Although HLH is rapidly fatal without specific therapy, treatment with the chemotherapeutic agent etoposide (ETOP) was empirically discovered to be life-saving >30 years ago (8). International follow-up studies established ETOP-based regimens as the standard of care (9, 10). Despite this extensive clinical study, it remains unclear how ETOP treats HLH or why it has succeeded while other chemotherapeutic or immunosuppressive agents tried sporadically in the 1970s and 1980s were largely unsuccessful (11). The only study (12) to examine this question analyzed ETOP-driven apoptosis of lymphocytes from patients with HLH and found that they responded in a similar fashion as did those from normal individuals. The question of how a chemotherapeutic agent treats an intrinsic immune regulatory disorder is also broadly relevant to the fields of autoimmunity and transplantation, in which DNA-damaging chemotherapeutic agents are used to treat rheumatoid arthritis, systemic lupus erythematosus, and multiple sclerosis, as well as to prevent graft-versus-host disease.
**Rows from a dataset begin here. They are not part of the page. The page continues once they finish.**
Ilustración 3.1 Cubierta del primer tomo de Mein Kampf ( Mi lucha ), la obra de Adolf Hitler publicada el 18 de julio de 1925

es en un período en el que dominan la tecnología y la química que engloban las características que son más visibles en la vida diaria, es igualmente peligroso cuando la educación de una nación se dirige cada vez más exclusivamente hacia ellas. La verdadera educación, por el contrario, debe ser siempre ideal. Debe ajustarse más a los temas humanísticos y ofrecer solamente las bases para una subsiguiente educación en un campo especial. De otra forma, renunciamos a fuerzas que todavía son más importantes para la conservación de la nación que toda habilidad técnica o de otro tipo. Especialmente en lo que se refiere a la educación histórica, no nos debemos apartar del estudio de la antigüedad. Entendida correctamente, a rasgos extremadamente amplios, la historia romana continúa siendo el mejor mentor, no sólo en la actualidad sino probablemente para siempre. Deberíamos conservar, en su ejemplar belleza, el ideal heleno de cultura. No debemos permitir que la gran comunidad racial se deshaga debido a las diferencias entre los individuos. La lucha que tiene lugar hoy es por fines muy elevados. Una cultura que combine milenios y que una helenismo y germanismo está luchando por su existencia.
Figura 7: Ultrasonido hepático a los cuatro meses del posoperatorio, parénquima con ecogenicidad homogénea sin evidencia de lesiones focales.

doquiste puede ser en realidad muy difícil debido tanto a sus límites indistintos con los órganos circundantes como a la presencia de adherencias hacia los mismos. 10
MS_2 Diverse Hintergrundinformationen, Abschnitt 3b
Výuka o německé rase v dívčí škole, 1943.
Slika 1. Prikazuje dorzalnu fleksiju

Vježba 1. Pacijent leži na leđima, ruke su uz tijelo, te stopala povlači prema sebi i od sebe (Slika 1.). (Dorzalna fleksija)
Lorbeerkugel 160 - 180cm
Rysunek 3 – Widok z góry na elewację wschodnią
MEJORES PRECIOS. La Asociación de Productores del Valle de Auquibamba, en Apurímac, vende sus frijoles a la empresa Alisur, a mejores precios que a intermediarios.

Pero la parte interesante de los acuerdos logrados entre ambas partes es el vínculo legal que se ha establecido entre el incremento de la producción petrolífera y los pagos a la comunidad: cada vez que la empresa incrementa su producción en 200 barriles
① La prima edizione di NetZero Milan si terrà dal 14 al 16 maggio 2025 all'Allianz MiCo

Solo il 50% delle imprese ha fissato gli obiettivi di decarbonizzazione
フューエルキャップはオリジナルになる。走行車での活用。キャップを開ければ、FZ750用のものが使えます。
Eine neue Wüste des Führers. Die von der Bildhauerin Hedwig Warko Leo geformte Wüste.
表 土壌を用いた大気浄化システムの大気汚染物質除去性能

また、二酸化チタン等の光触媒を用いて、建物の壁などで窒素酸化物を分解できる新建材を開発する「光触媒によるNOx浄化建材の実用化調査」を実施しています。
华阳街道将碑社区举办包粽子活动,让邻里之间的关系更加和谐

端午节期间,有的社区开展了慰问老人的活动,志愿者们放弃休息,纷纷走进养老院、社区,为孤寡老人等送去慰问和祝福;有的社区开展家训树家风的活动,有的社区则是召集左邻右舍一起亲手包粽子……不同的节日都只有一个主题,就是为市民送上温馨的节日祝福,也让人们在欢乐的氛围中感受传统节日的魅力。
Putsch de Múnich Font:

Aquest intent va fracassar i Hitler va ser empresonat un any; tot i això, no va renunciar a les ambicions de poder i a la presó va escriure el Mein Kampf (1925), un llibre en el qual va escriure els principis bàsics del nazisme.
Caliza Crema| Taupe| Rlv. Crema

In the current study, we used a well-described murine model of HLH, involving lymphocytic choriomeningitis virus (LCMV) infection of perforin-deficient (prf^−/−) mice, to study the in vivo therapeutic mechanism of action for ETOP. We found that ETOP has clear therapeutic activity in this model, alleviating all features of HLH. When compared with a broad array of chemotherapeutic agents, we found that it was relatively unique. Because ETOP is often observed to have rapid and dramatic effects in clinical HLH, it has been commonly speculated that it may act directly on inflamed macrophages. Contrary to this expectation, we found no direct beneficial effect on either macrophage activation or Ag presentation by DCs. Instead, we found that ETOP strongly suppressed IFN-γ levels. This, in turn, was due to near complete ablation of pathologically activated, virus-specific T cells. Notably, this depletion was also seen in wild-type (WT) animals and was extremely specific in vivo; quiescent naive and memory cells were largely spared. Because of its potency and selectivity, we conclude that ETOP has unique immunomodulating qualities in HLH and may have broader usefulness as an immunosuppressive agent.

C57BL/6, prf^−/−, and IFN-γ^−/− mice were obtained from The Jackson Laboratory. TCR-transgenic P14, SMARTA, and OT1 mice were a gift from P. Marrack (University of Colorado/Howard Hughes Medical Institute, Denver, CO). Mice were housed in a specific pathogen–free facility, and animal experiments were approved by the Institutional Animal Care and Use Committee of Cincinnati Children’s Hospital Medical Center. LCMV-WE viral stocks were generated and titered as described (13). Mice were infected via i.p. injection of 200 PFU. Vaccinia-ova was obtained from P. Marrack, and 10⁵ PFU was injected i.v. All chemotherapeutics were obtained from the Cincinnati Children’s Hospital Medical Center clinical pharmacy: ETOP (50 mg/kg) (14), cyclophosphamide (CPM; 100 mg/kg) (15), methotrexate (MTX; 70 mg/kg) (16), cisplatin (CDDP; 10 mg/kg) (17), clofarabine (CLO; 8 mg/kg) (18, 19), dexamethasone (DEX; 3 mg/kg) (20), doxorubicin (DOXO; 1 mg/kg) (21), fludarabine (FLU; 300 mg/kg) (22), 5-fluorouracil (20 mg/kg) (23), and vinblastine (0.5 mg/kg) (24). They were administered as single doses via i.p. injection after dilution or reconstitution in saline or 5% dextrose. ETOP carrier (65% PEG 300, 30% ethanol, 5% Tween 80; 50 mcl/mouse) was used as indicated. Mice were examined longitudinally, typically three times/wk, for development of signs of HLH-like disease using a clinical scoring system to gauge disease severity (Supplemental Table I). For IFN-γ infusion, osmotic pumps (Durect) were loaded with IFN-γ and implanted s.c. as previously described (4).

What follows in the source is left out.